- 1925 sheet music cover, Leo Feist, New York
- Genre: Jazz
- Style: Foxtrot
- Form: Dance song
- Published: 1925: New York
- Publisher: Leo Feist
- Recorded: September 16, 1925: New York

= Charlestonette =

1925 jazz composition by Paul Whiteman and Fred Rose

"Charlestonette" is a 1925 jazz composition by jazz musician and bandleader Paul Whiteman and Fred Rose. The song was released as a 78 single by Paul Whiteman and His Orchestra.

==Background==

The composition was published by Leo Feist in New York. Paul Whiteman recorded the song on September 16, 1925 in New York. The song was released as Victor 19785 backed with "Ida-I Do" in 1925 by Paul Whiteman and His Orchestra. Ben Selvin's Dance Orchestra and Bennie Krueger and His Orchestra, as Brunswick 2948, also recorded the song in 1925.

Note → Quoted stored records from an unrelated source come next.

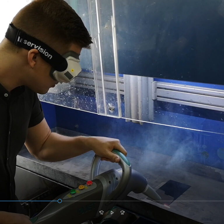 Zobacz jak przebiega proces czyszczenia laserowego z rdzy, farby, oleju czy pleśni powierzchni metalowych
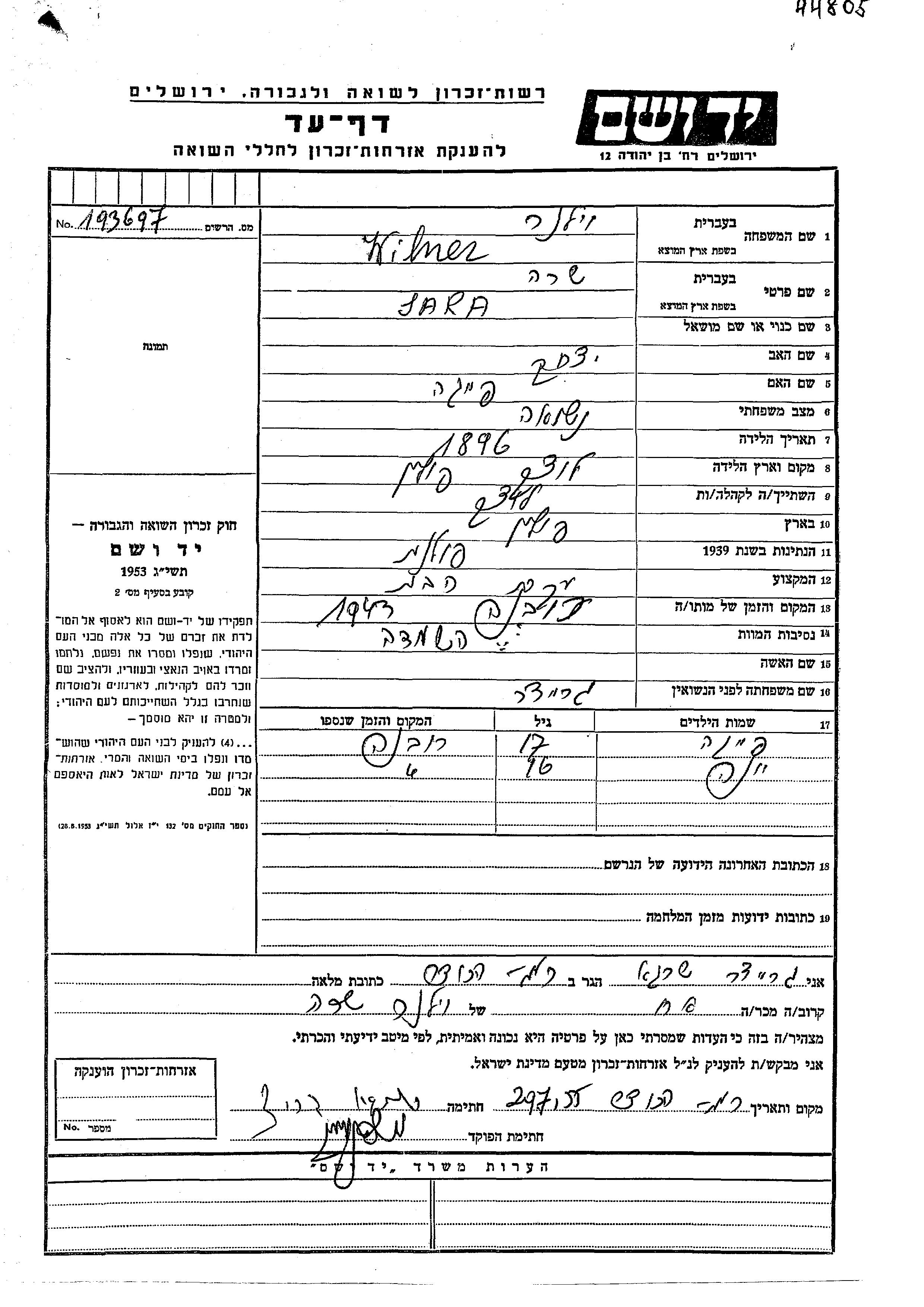 Yona Wilner wurde Er war der Sohn von Sara, geb. Greitzer. Er war Kind.
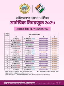 अहिल्यानगर (प्रतिनिधी):-राज्य निवडणूक आयोगाच्या नियमानुसार आज,सोमवार दिनांक ११ नोव्हेंबर रोजी अहिल्यानगर महानगरपालिकेच्या प्रभागनिहाय आरक्षणासाठी पारदर्शक पद्धतीने सोडत काढण्यात आली. महानगरपालिकेच्या सभागृहात ही सोडत शालेय विद्यार्थ्यांच्या हस्ते चिठ्ठी काढून करण्यात आली.या वेळी आरक्षण प्रक्रियेबाबतची माहिती आयुक्त तथा प्रशासक यशवंत डांगे यांनी दिली.आयुक्त डांगे यांनी सांगितले की, आरक्षण सोडतीनंतरचा निकाल राज्य निवडणूक आयोगाकडे मान्यतेसाठी सादर करण्यात आला असून आयोगाच्या मान्यतेनंतर प्रारूप आरक्षण १७ नोव्हेंबर रोजी प्रसिद्ध करण्यात येईल.

On the original Victor 78 release, Paul Whiteman's name does not appear on the songwriting credit. Only Fred Rose is credited. On the sheet music published by Leo Feist, however, both Whiteman and Rose are credited as the songwriters.

==Personnel==

- Alto Saxophone, Baritone Saxophone – Charles Strickfaden
- Alto Saxophone, Bass Clarinet, Clarinet – Chester Hazlett
- Alto Saxophone, Clarinet – Hal McLean
- Banjo – Mike Pingitore or Pingatore
- Clarinet, Tenor Saxophone – E. Lyle Sharpe
- Drums – George Marsh
- Leader, Violin – Paul Whiteman
- Piano Accordion – Mario Perry
- Piano – Harry Perrella
- Trombone – Roy Maxon, Wilbur Hall
- Trumpet – Frank D. Siegrist, Henry Busse, Ted Bartell
- Tuba – John Sperzel
- Violin – Charles Gaylord

==Sources==
- Paul Whiteman: Pioneer of American Music (Volume 1: 1890–1930), Studies in Jazz, No. 43, by Don Rayno, The Scarecrow Press, Inc., 2003.
- Pops: Paul Whiteman, King of Jazz, by Thomas A. DeLong, New Century Publishers, 1983.
- Jazz by Paul Whiteman, J. H. Sears, 1926.
- How To Be A Band Leader by Paul Whiteman and Leslie Lieber, Robert McBride & Company, 1948.